Twitter closes 125K Daesh accounts in past year
 Twitter said Friday that it was taking a stronger stance against violent extremism and announced it had deleted more than 125,000 accounts linked to Daesh members or supporters.
The microblogging platform claimed in a statement that it had begun since the middle of last year a more engaged campaign against accounts that threaten or support violent extremism with a primary focus on curbing Daesh’s ability to recruit online.

“We condemn the use of Twitter to promote violent terrorism,” the company noted in the statement. “This type of behavior, or any violent threats, is not permitted on our service.”

Not only has Twitter shut down thousands of accounts, it has vastly increased the amount of resources allocated for reviewing flagged accounts, shortening response time.

The company claimed that it now uses an algorithm to find extremist accounts that is similar to its systems for sniffing out and removing spam.
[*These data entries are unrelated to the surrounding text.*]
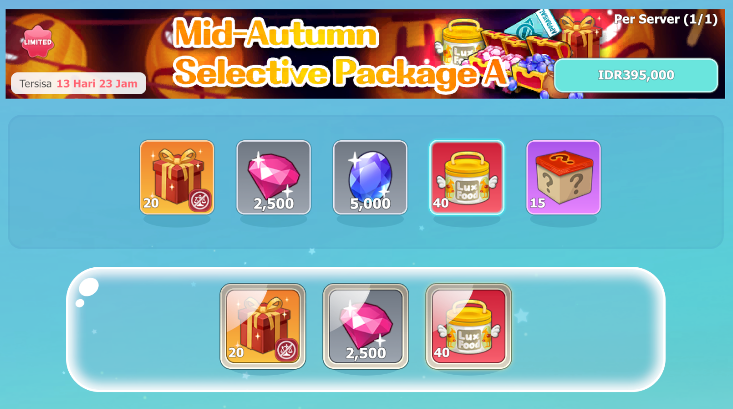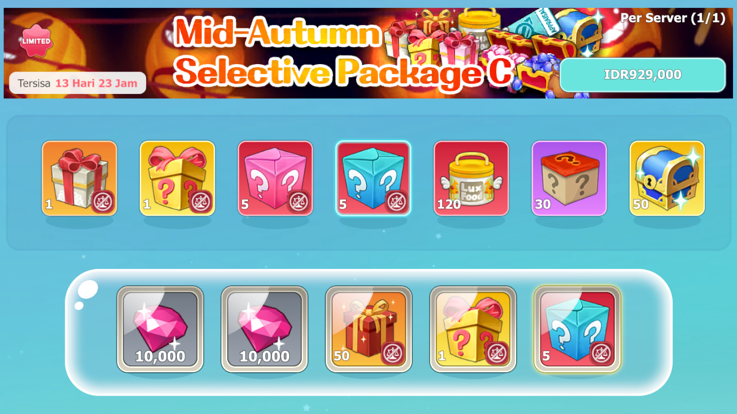 • Periode penjualan: Dari 2 Oktober (setelah maintenance) ~ 15 Oktober (UTC +7)
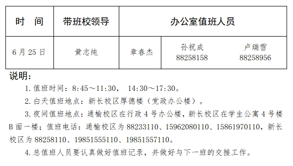 YABO鸭脖官网2020年端午节总值班安排表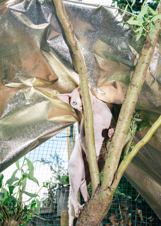Mein Go-To ist der Profoto A10 für Canon. Damit habe ich schon große Out-of-Home Kampagnen und ein ZEIT-Cover fotografiert. Ich mag die direkte, harte Lichtqualität, die sehr gut zu meiner Bildsprache passt. Je nach Produktion arbeite ich auch mit größeren Setups wie Profoto, ARRI oder Briese. Kameraseitig fotografiere ich hauptsächlich mit der Canon R5, ergänzend auch mit Mittelformat von Fuji für großformatige Produktionen.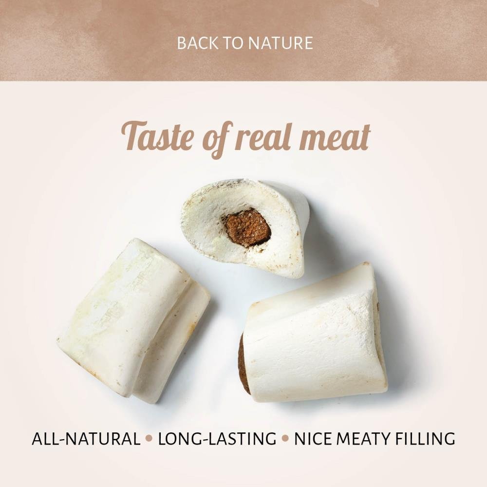 Unser Markknochen Natur Pastete ist ein tolles Produkt, um Ihren Hund auf Trapp zu halten; gleichzeitig wird er den zusätzlichen Geschmack der fleischigen Füllung schätzen lernen. Der leckere natürliche Hundesnack ist die perfekte Art, Ihren besten Freund zu verwöhnen.
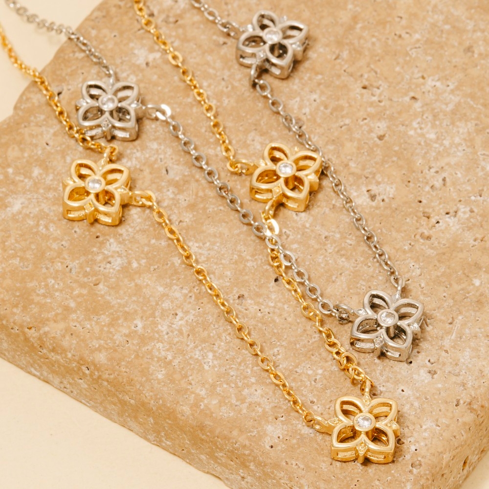 - Perfect for any fashion-forward individual, this chain necklace comes with a special cubic zirconia triple flower station design. A must-have chain necklace that effortlessly enhances your style, no matter the occasion. Available in GDCRY, RHCRY. This item is sold in packs of 1.

“We have already seen results, including an increase in account suspensions and this type of activity shifting off of Twitter,” Twitter contended.

The proclamation showcases a new level of cooperation between Silicon Valley and world governments in fighting the influence of Daesh. Unlike past extremist groups with similar views, Daesh has proven very successful in leveraging social media to organize, publicize its acts and recruit new members, especially from the Internet-obsessed West.

While many social media platforms have policies banning violent extremists, how they implementing these rules has often been shrouded in secrecy due to free speech concerns and other obstacles.

But Daesh’s savviness with social media has demanded a new era of digital policing; a 2015 Brookings Institute report found that Daesh-supporting Twitter accounts had an average of roughly 1,000 followers each, noticeably higher than most ordinary users.

Many companies such as Twitter are also finding out that discovering extremism online is a challenge.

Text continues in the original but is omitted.